Put your cash where it's doing the most good. Although that seems like a simple idea, most pharma strategists don't allocate
promotional resources effectively—they overinvest in some brands, and underinvest in others. Given that top companies have
several hundred drugs each, all with different growth rates and market shares, these are certainly complicated decisions.
But executives can better direct their resources, and make smarter investments, by using portfolio analysis.
While Pfizer, Eli Lilly, and Bristol-Myers Squibb use portfolio analysis, it is generally underused in the industry: Less
than half of the top 20 firms integrate it into their annual planning process. As such, companies continue to throw money
into drugs that are rapacious cash eaters and fail to move the market-share needle.

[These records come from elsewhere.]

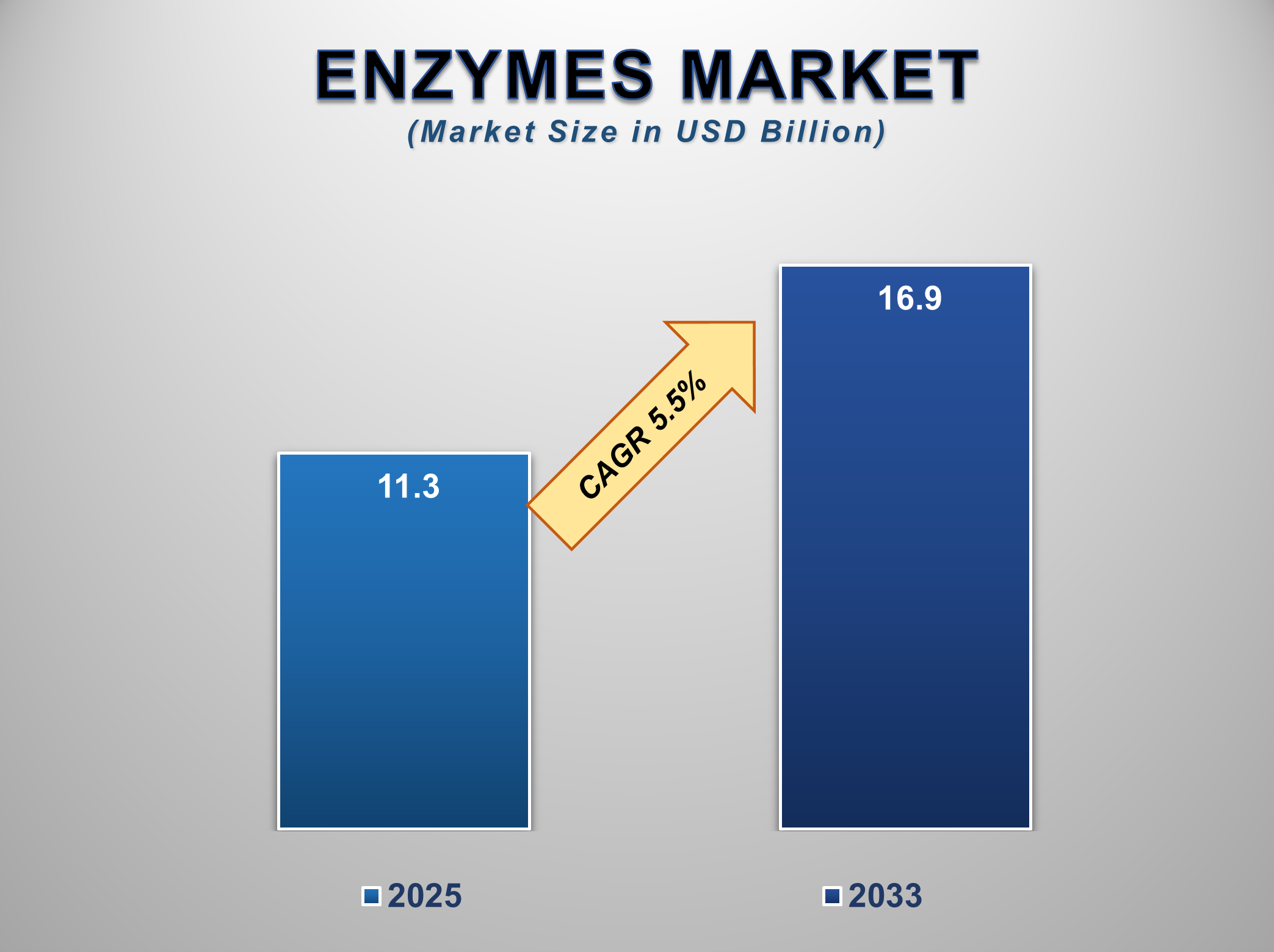 The Global Enzymes Market is projected to grow from USD 11.3 billion in 2025 to USD 16.9 billion by 2033, expanding at a CAGR of 5.5% during the forecast period. Growth is driven by the rising demand for sustainable, efficient, and eco-friendly solutions across industries such as food and beverages, pharmaceuticals, biofuels, and animal feed.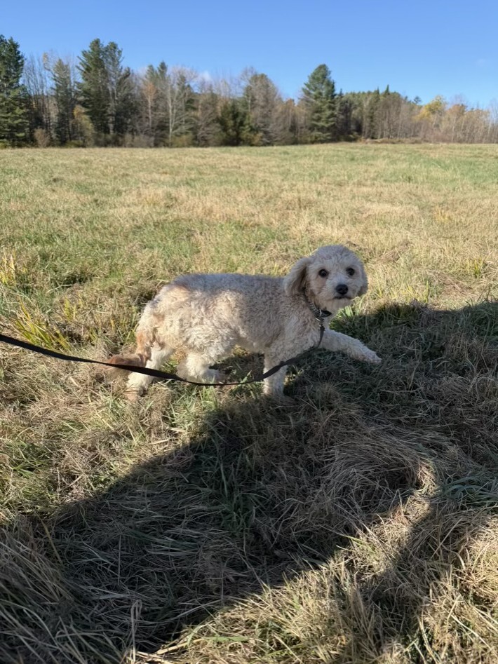 Havapoo roux et blanc dans l'herbe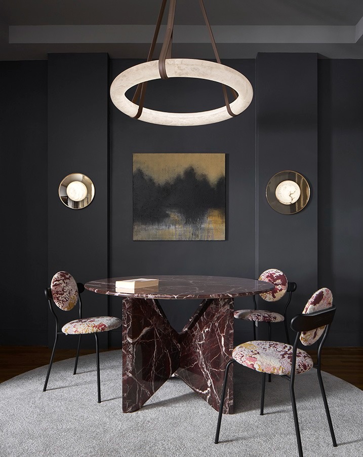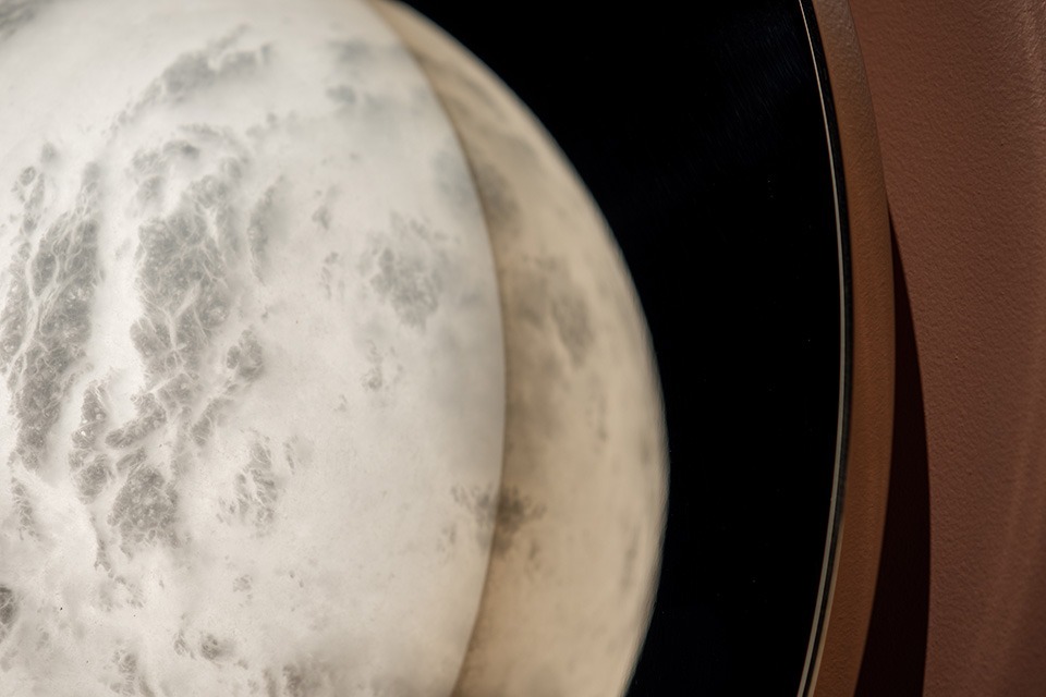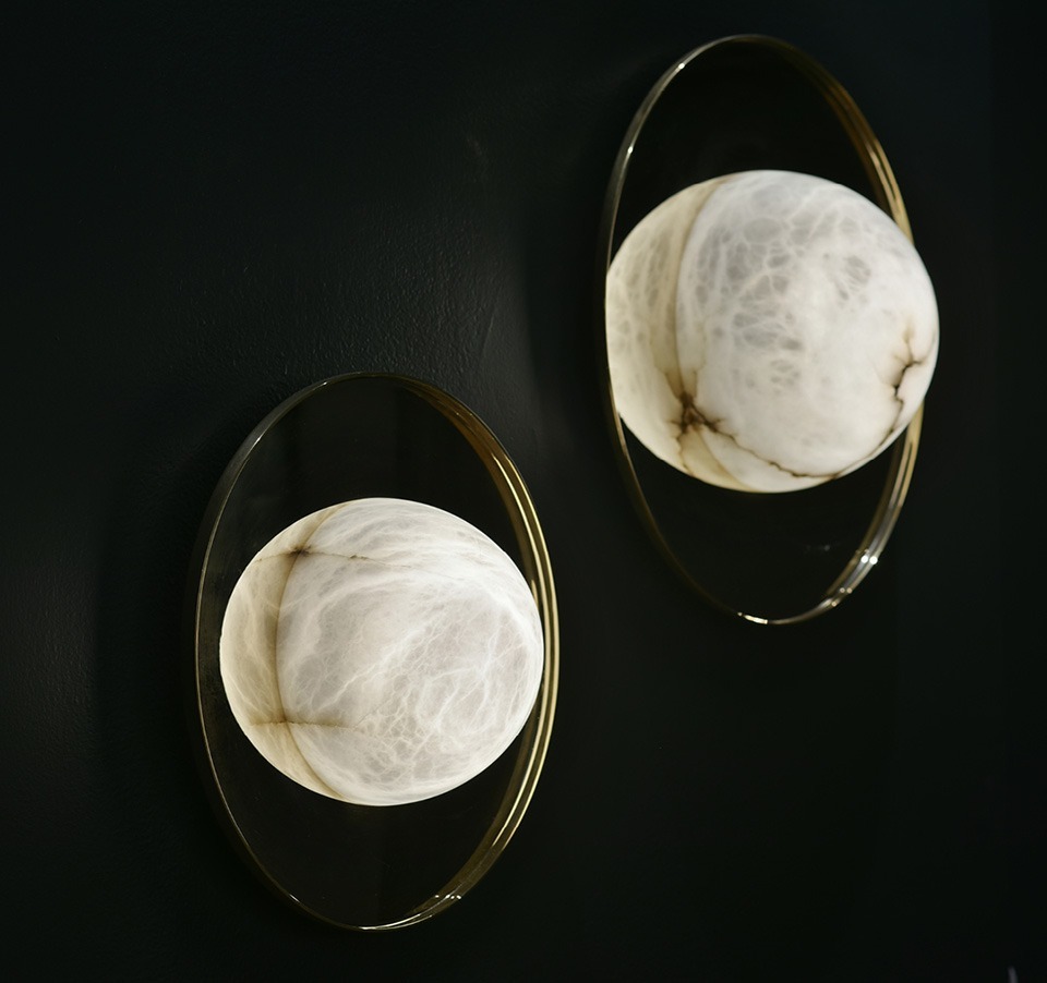Полусфера из алебастра, заключенная в светящуюся раму, сочетает в себе мягкое сияние камня и изысканный блеск полированной зеркальной латуни. Этот тонкий контраст создает потрясающую игру света и отражений, придавая помещениям скульптурную элегантность и вневременное присутствие.

New research from Cutting Edge Information (CEI) shows that 80 percent of pharma companies feel resource allocation is the
strongest challenge to brand success. "A chief frustration among brand managers is senior management's apparent willingness
to underfund several developing products rather than back a few high-potential and high-performing drugs," says CEI president
Jason Richardson. "This practice fiscally handcuffs brands and weakens whole portfolios' commercial viability."
Learn the Lingo
Stars, Cows, Dogs, and Question Marks
Since the 1970s, a familiar way of looking at portfolio analysis is through a model developed by the Boston Consulting Group
(BCG). The BCG Growth-Share Matrix describes products in terms of two factors: market growth rate and relative market share,
defined as a ratio of a firm's sales of a product relative to the sales of its largest competitor. Positions on the matrix
typically correspond to a product's cash-flow characteristics (see "BCG Growth-Share Matrix," below).
Believe it or not, the majority of products in any company's portfolio are cash traps or "dogs" (see "Learn the Lingo"). But
the product portfolio of any pharma company should be an exercise in the balance of cash flows. Each firm needs high-growth
products in which to invest cash, and low-growth products with high market to ensure excess cash flow. Each drug should eventually
generate cash and compound the cash invested in it. Otherwise, it is worthless; it is a drain on EBIT (Earnings Before Interest
and Taxes) and only becomes of value to the company in being sold off.
Look at Inspra (eplerenone). Pfizer launched this drug in Q4 2003 and continues to pump money into this problem child, despite
anemic sales of roughly $40 million in the $2.7 billion heart-failure market dominated by Toprol-XL (metoprolol). Pre-launch
hopes were probably high for Inspra. It was supposed to gain market share and become a star, and eventually a cash cow when
the market growth slowed. But Inspra is likely to remain a dog, despite any amount of promotion, given its perceived safety
issues and a cheaper, more effective spironolactone in the same Pfizer portfolio. Because Pfizer invested heavily in promotion
early on with Inspra, the drug's earnings potential and positive cash flow is elusive at best. A portfolio analysis of Pfizer's
cardiovascular franchise would suggest redeploying promotional spend on Inspra to up-and-coming stars like Caduet (amlodipine/atorvastatin)
or torcetrapib to ensure those drugs reach their sales potential.